_Data extract_
---------------

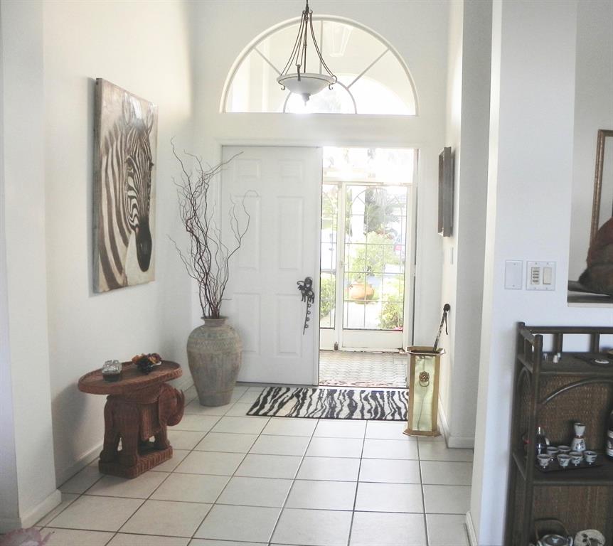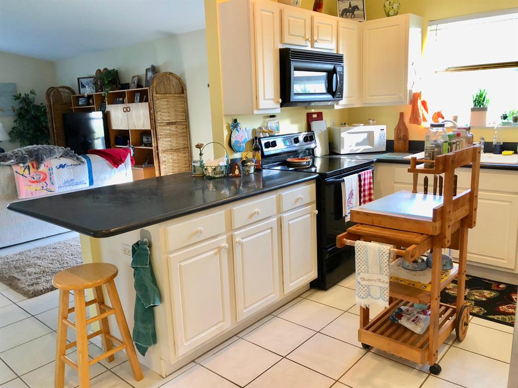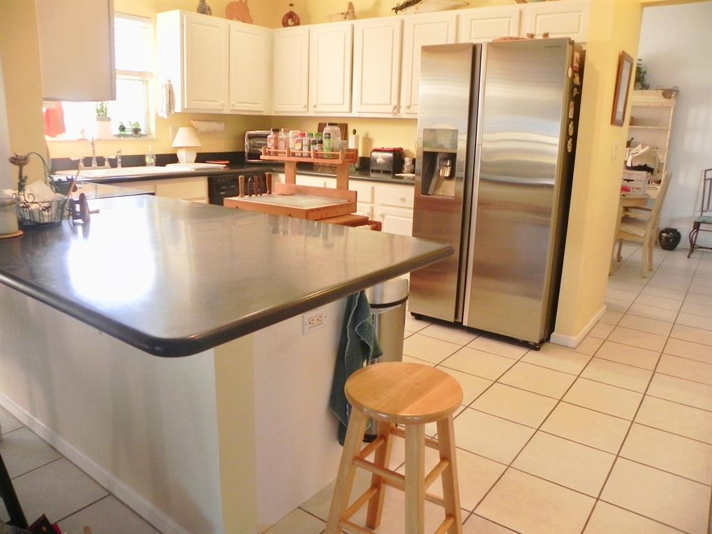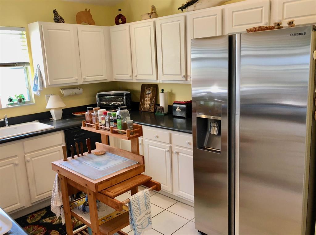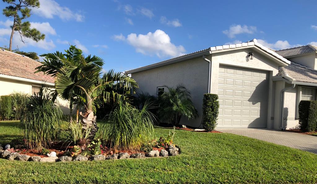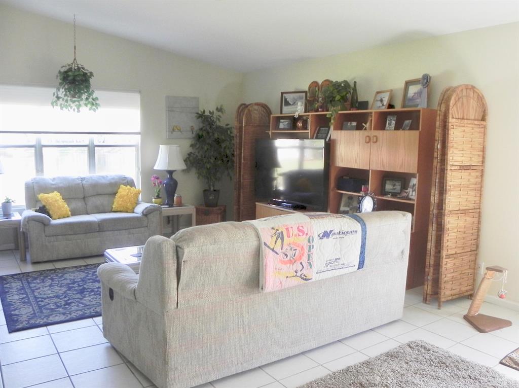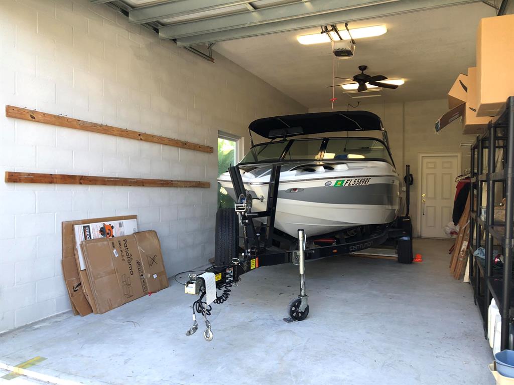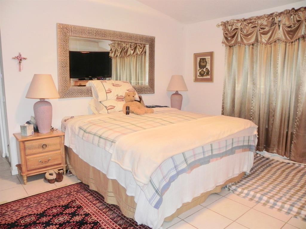 Perfect garage for a boat, RV or cars. Custom designed 30 x 13.3 x 9.3. With this garage you get a lake view 4 bedroom, 2 bath, 2 car garage. Spacious rooms and open floor plan with views of the water from the main living areas and master bedroom. Enjoy the peaceful views of the water from the covered and screed patio. Tile throughout. Newer A/C & water heater. Accordion shutters. Extra garage was designed to fit a boat. Clubhouse, 2 pools, tennis courts, exercise room, billiards and more. HOA fee includes lawn care, cable, phone and internet.
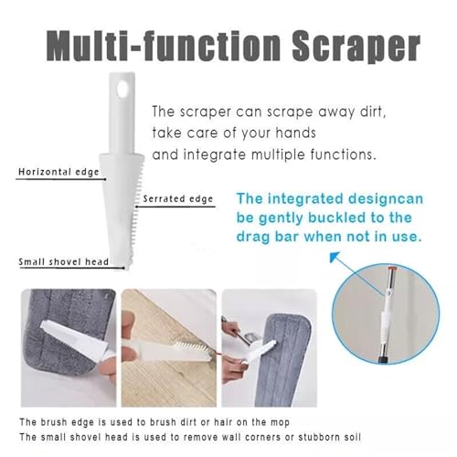 - 【Upgrade Floor Mop, More Efficient Cleaning】Different from the traditional mops, the spray mop is with high polymer fine nozzle and removable liquid container, flexible design makes cleaning easy and efficient, saves time. Attached with a multi-function scraper, which can scrape hair and dirt from the microfibre pad. The flat edge can be used to remove excess moisture from pad or stubborn dirt on the floor
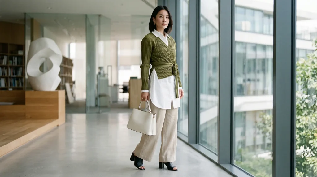 | Pleats and Layered Elegance | Olive wrap top, long white shirt, beige trousers | Editorial, avant-garde office |

---------------

_Exercise prompt_
What you return should match the material word for word, apart from the pictures.

_Output_
 Perfect garage for a boat, RV or cars. Custom designed 30 x 13.3 x 9.3. With this garage you get a lake view 4 bedroom, 2 bath, 2 car garage. Spacious rooms and open floor plan with views of the water from the main living areas and master bedroom. Enjoy the peaceful views of the water from the covered and screed patio. Tile throughout. Newer A/C & water heater. Accordion shutters. Extra garage was designed to fit a boat. Clubhouse, 2 pools, tennis courts, exercise room, billiards and more. HOA fee includes lawn care, cable, phone and internet.
 - 【Upgrade Floor Mop, More Efficient Cleaning】Different from the traditional mops, the spray mop is with high polymer fine nozzle and removable liquid container, flexible design makes cleaning easy and efficient, saves time. Attached with a multi-function scraper, which can scrape hair and dirt from the microfibre pad. The flat edge can be used to remove excess moisture from pad or stubborn dirt on the floor
 | Pleats and Layered Elegance | Olive wrap top, long white shirt, beige trousers | Editorial, avant-garde office |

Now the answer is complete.